SOURCE DATA =
_ _ _ _

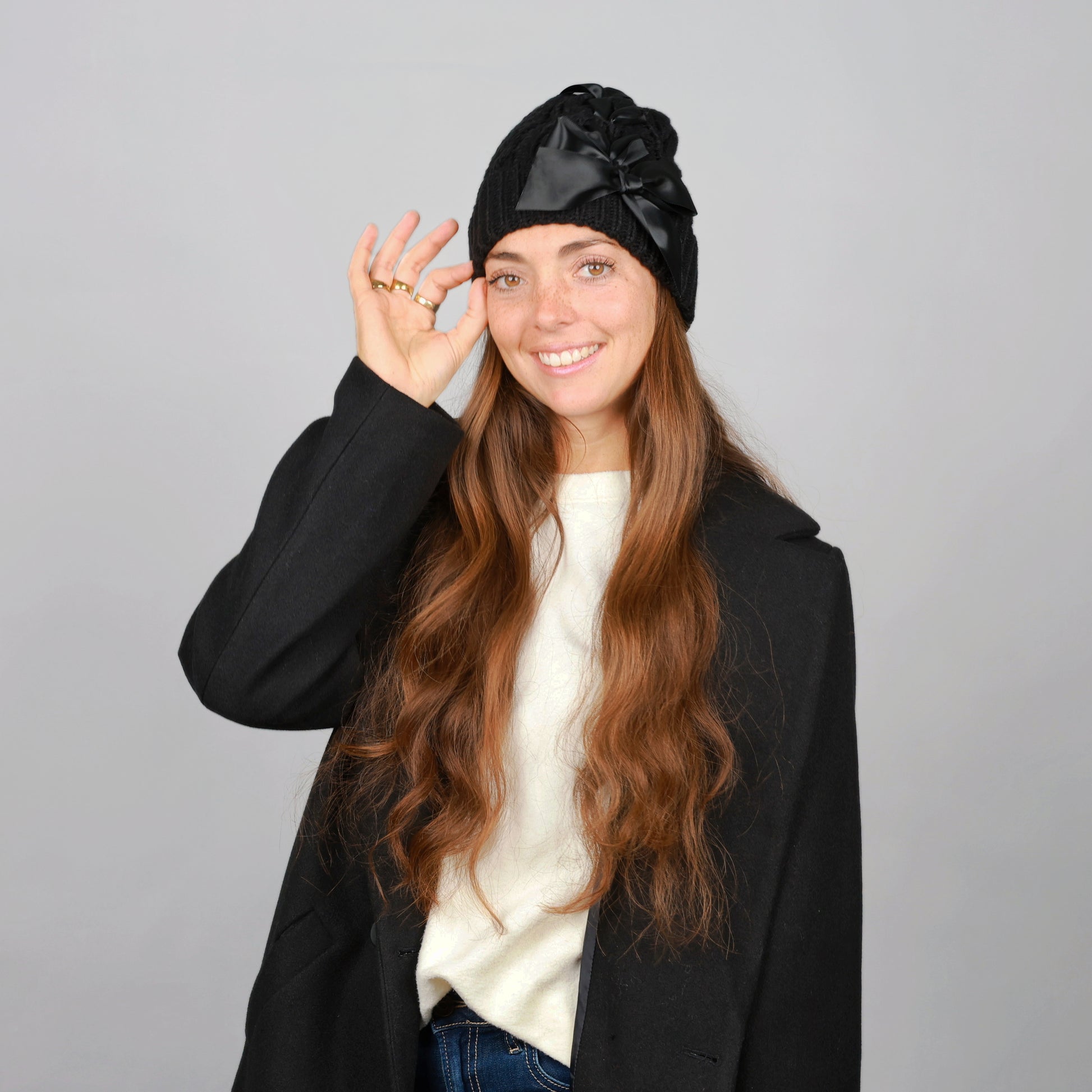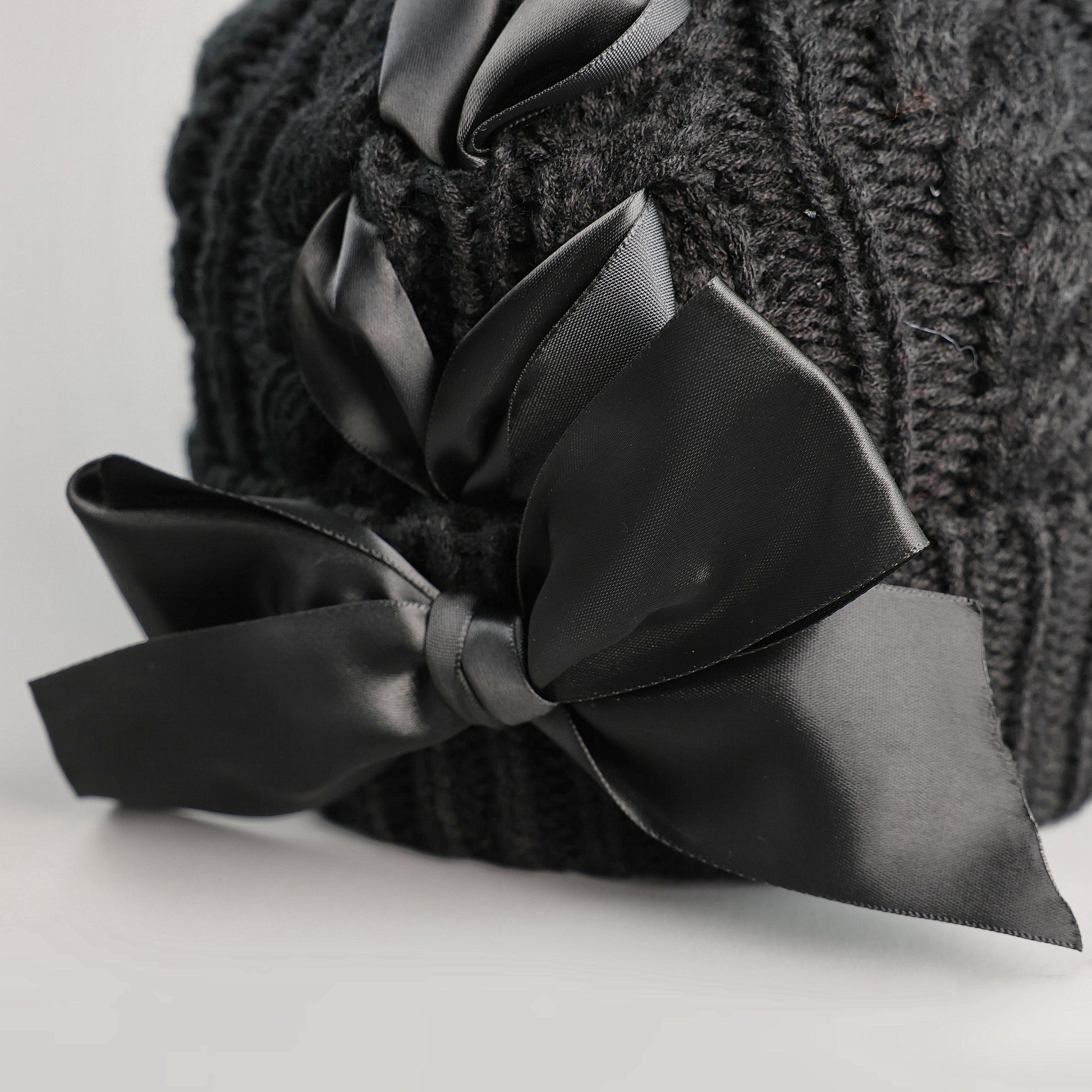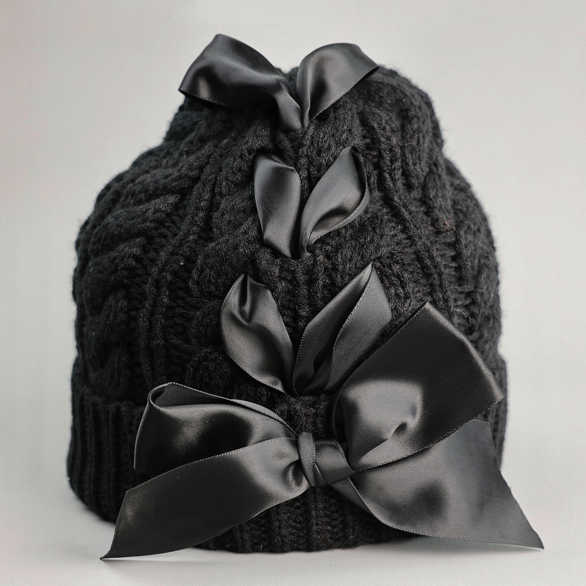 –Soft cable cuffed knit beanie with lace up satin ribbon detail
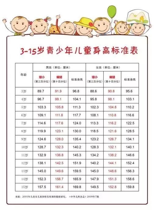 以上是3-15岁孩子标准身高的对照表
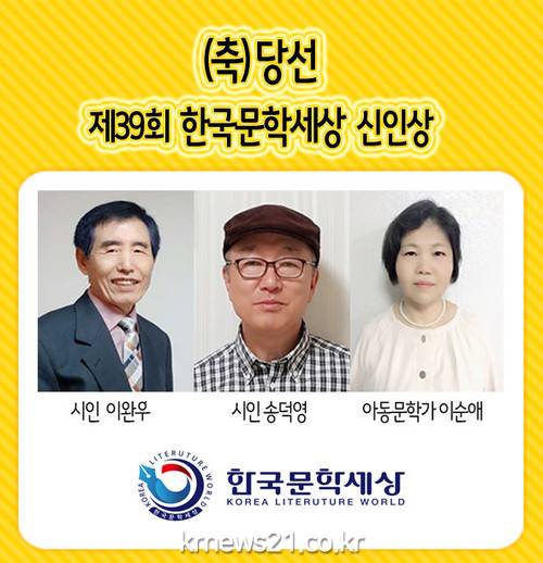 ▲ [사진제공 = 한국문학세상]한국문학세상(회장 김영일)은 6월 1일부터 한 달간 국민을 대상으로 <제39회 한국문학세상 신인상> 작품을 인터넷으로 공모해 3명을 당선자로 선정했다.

_ _ _ _

Any images must be left out; transcribe the rest of the material exactly.

 –Soft cable cuffed knit beanie with lace up satin ribbon detail
 以上是3-15岁孩子标准身高的对照表
 ▲ [사진제공 = 한국문학세상]한국문학세상(회장 김영일)은 6월 1일부터 한 달간 국민을 대상으로 <제39회 한국문학세상 신인상> 작품을 인터넷으로 공모해 3명을 당선자로 선정했다.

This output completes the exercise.